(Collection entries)
=== Section Start ===

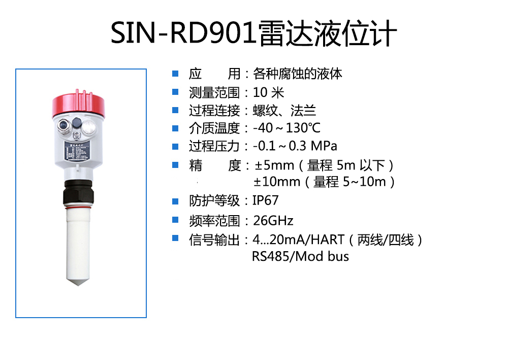 90 系列傳感器是 26G 高頻雷達(dá)式物位測量儀表,測量最大距離可達(dá) 80 米。天線被進(jìn)一步優(yōu)化處理,新型快速的微處理器可以進(jìn)行更高速率 的信號分析處理,使得儀表可以用于各種強(qiáng)腐蝕性液體的測量。
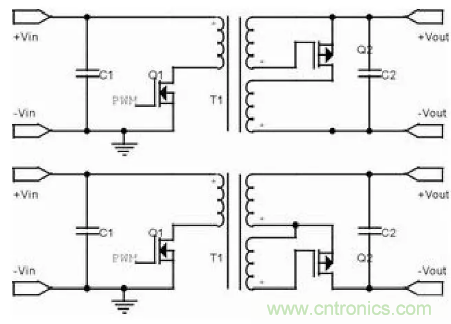 在電源轉換領域,輸出直流電壓不高的隔離式轉換器都使用 MOSFET作為整流器件。由於這些器件上的導通損耗較小,能夠提高效率因而應用越來越廣泛;
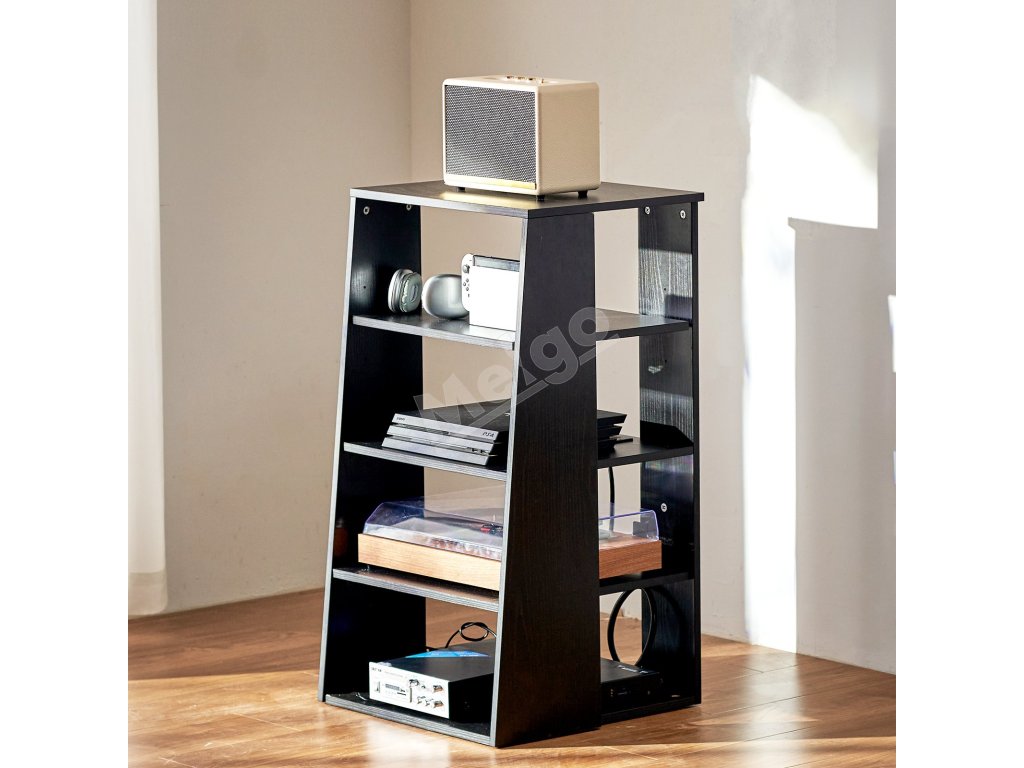 Stojan na av médiá 5-poličový, drevený, výškovo nastaviteľný, čierny
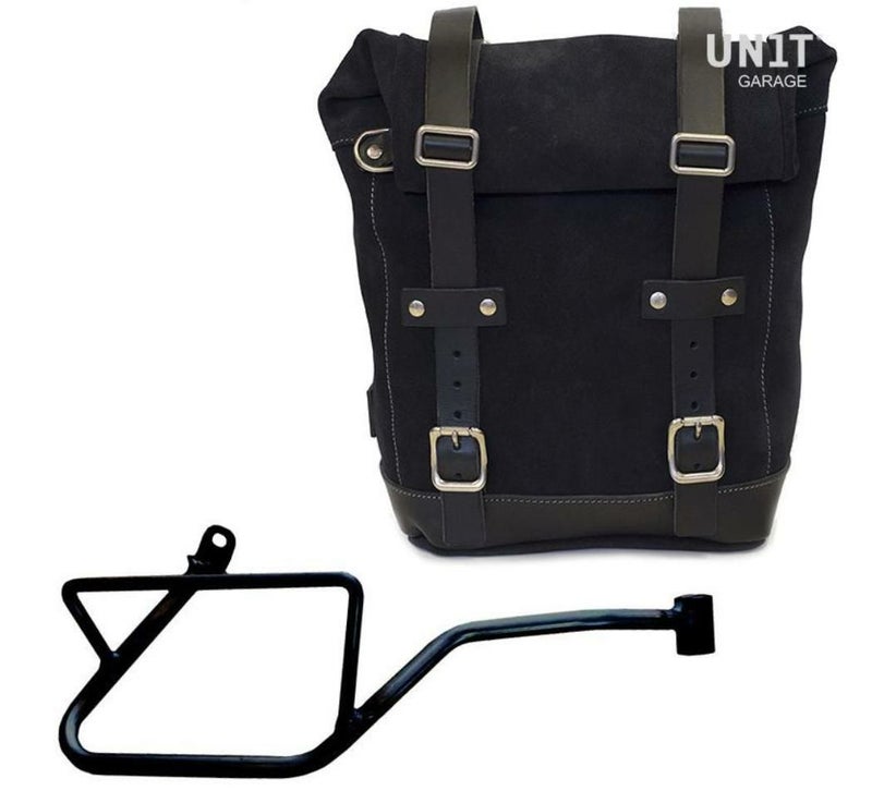 モトグッチV7 850 ワックスドスウェードレザーバッグ ジェットブラック&サポート 右側 ユニットガレージ
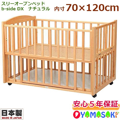 ヤマサキ スリーオープンベッド b-side DX ビーサイドDX ナチュラル 国産 日本製 両側スライド開閉式 足元開閉式 ベビーベッド ベビー家具 送料無料 メーカー5年保証付

=== Section End ===

### ASSIGNED TASK
Each line from the line containing "Stojan na av" through the final line of the data above must be retyped exactly; nothing else, and no pictures, may appear.

### TASK RESPONSE
 Stojan na av médiá 5-poličový, drevený, výškovo nastaviteľný, čierny
 モトグッチV7 850 ワックスドスウェードレザーバッグ ジェットブラック&サポート 右側 ユニットガレージ
 ヤマサキ スリーオープンベッド b-side DX ビーサイドDX ナチュラル 国産 日本製 両側スライド開閉式 足元開閉式 ベビーベッド ベビー家具 送料無料 メーカー5年保証付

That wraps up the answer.